The chip is fairly well analyzed and documented and even had its die analysed and a schematic of it on the transistor-level has been made. More info about that can be found github.com/lvd2/ay-3-8910_reverse_engineered

Digital simulation

Being a fan of Helmut Hneemanns project Digital which is a circuit simulator for digital designs (much like Logisim) I started by making a design of the AY-3-8910 using it ending up in just a bit over 104 ICs.

This sounds like a lot of ICs and also quite complicated to build, but my design is modular and most of the modules are not too complex or hard to understand. With the exeption o the most complex module - the envelope generator that generates the eight different envelopes used to vary the volume of the tones over time. I've split this into two separate modules, one for the rate genaration and one for generating the actual envalope shapes.

I have a copy of the shape module as a separate module in Digtial with testcases in order to verify the correct function of each mode.

Below is a shrunk and blurry overview of the entire schematic - click here for a highres version of it.

Module Block diagram

The is a block diragram showing how the modules are interconnected. Since the envelope genarator is fairly complex it is split into two parts. One for generating the clock that affects the rate of the envelope and one that actually creates the 4-bit digital values of the envelope.

The complete build is spread out on separate modules that are hooked up together using some common signals like the databus, reset and clock that are generated by the Control module and also connects separate ReadEnable and WriteEnable signals to each modules.

The R-numbers in the boxes shows which registers that is controlling the functions in it.
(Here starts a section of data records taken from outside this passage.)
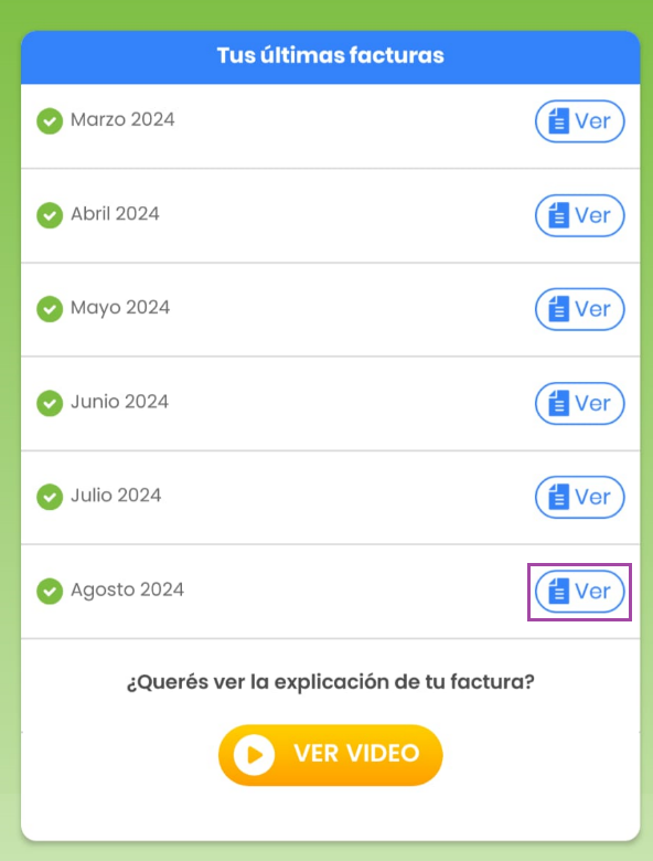 En la HOME, desplazate hacia abajo hasta encontrar el panel de Tus últimas facturas. Luego, accioná el botón VER de la factura que quieras consultar.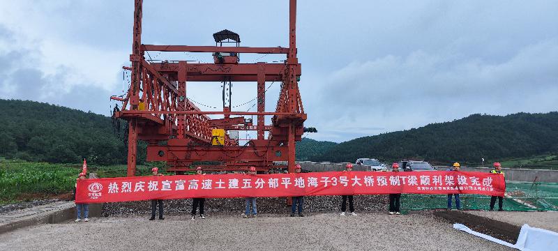 宣富高速公路項目五分部平地海子3號大橋T梁順利架設完成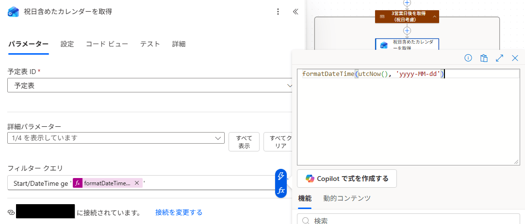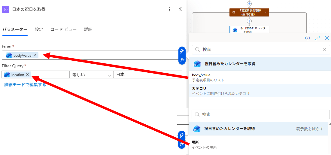 そこで、「アレイのフィルター処理」アクションを使って、純粋な「日本の祝日」だけを抽出(絞り込み)します。
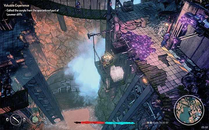 Find the inactive crafting station in the north part of Lewmer and speak with the master. During this quest you must deliver him three types of objects that are used in crafting - 1 Magnet, 2 Metal Chains and 3 Metal Rivets. They are rather easy to find so don't buy them. The easiest way to get them is to go to the quarantined part of Lewmer cliffs (this place is also a part of another side quest called Valuable Experience). The items are in the numerous crates that are around the big destroyed building (example in the picture). Bring all the parts to the master. You receive 50 auryte, Foregrip Upgrade Precision I Schematic and access to the crafting station.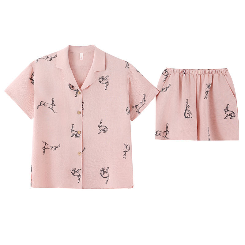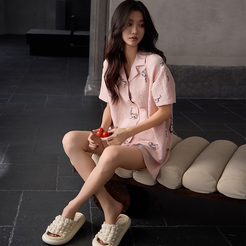 休闲女士家居服粉色 二件套春夏云朵棉带胸垫睡衣2025新款 短袖 短裤

Thick lines are busses of 4 or 8 bits, and the thin lines are single wires. This means that both the three tone genarator as well as the noise generator are just single 1-bit streams.

Registers

There are 16 registers, each register can be written to and then read back. Unused bits reads back as zeros in the AY-3-8910, but in the pin compatible "almost-clone" YM2149 all bits can be written and read back even if they're not used for any chip functions.

To write to a specific register you first write the register number to special Address register, then all following reads and writes will be directed to that register until the Address register is changed.

• R0 Channel A tone period - Fine (8 bit)
• R1 Channel A tone period - Coarse (4 bit)
• R2 Channel B tone period - Fine (8 bit)
• R3 Channel B tone period - Coarse (4 bit)
• R4 Channel C tone period - Fine (8 bit)
• R5 Channel C tone period - Coarse (4 bit)
• R6 Noise period (5 bit)
• R7 Enables (inverted) for I/O, Noise, Tone (8 bit)
• R8 Channel A amplitude (5 bit)
• R9 Channel B amplitude (5 bit)
• R10 Channel C amplitude (5 bit)
• R11 Envelope period - Fine (8bit)
• R12 Envelope period - Coarse (8bit)
• R13 Envelope shape (4bit)
• R14 Port A data (8bit)
• R15 Port B data (8bit)

Modules

Control and clock

This module handles the interface towards the MCU that is controlling the AY-3-8910. It is also generating the enable signals for the other modules as well as generating the clock/16 and clock/256 used by the modules for frequencies and timings.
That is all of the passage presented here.